### Exercise objective
Would you please return the lines of the entries below starting at the line that has "Компьютерный стол С-222БН" and ending at the line that has "After a somewhat", both included, exactly as they are?

### Data shown

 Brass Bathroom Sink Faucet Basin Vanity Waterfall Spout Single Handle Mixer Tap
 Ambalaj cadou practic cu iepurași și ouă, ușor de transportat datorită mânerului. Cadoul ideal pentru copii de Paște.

---

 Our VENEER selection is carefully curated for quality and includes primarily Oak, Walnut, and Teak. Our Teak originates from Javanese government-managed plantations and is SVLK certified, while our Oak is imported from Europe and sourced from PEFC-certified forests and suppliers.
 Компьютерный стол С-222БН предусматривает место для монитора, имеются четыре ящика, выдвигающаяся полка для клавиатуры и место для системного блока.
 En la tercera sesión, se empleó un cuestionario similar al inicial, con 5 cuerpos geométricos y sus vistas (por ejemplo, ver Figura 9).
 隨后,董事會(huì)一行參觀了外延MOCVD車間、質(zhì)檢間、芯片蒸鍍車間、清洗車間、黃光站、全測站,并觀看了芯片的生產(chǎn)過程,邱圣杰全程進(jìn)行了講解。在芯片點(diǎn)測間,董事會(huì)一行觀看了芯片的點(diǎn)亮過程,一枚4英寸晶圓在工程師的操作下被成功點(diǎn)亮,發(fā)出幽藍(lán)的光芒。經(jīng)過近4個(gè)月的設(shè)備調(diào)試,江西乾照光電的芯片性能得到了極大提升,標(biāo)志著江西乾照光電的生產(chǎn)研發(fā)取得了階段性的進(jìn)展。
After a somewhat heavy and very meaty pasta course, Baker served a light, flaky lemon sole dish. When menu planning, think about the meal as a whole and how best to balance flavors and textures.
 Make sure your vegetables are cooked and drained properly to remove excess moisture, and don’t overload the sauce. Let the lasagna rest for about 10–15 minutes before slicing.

### Task response
 Компьютерный стол С-222БН предусматривает место для монитора, имеются четыре ящика, выдвигающаяся полка для клавиатуры и место для системного блока.
 En la tercera sesión, se empleó un cuestionario similar al inicial, con 5 cuerpos geométricos y sus vistas (por ejemplo, ver Figura 9).
 隨后,董事會(huì)一行參觀了外延MOCVD車間、質(zhì)檢間、芯片蒸鍍車間、清洗車間、黃光站、全測站,并觀看了芯片的生產(chǎn)過程,邱圣杰全程進(jìn)行了講解。在芯片點(diǎn)測間,董事會(huì)一行觀看了芯片的點(diǎn)亮過程,一枚4英寸晶圓在工程師的操作下被成功點(diǎn)亮,發(fā)出幽藍(lán)的光芒。經(jīng)過近4個(gè)月的設(shè)備調(diào)試,江西乾照光電的芯片性能得到了極大提升,標(biāo)志著江西乾照光電的生產(chǎn)研發(fā)取得了階段性的進(jìn)展。
After a somewhat heavy and very meaty pasta course, Baker served a light, flaky lemon sole dish. When menu planning, think about the meal as a whole and how best to balance flavors and textures.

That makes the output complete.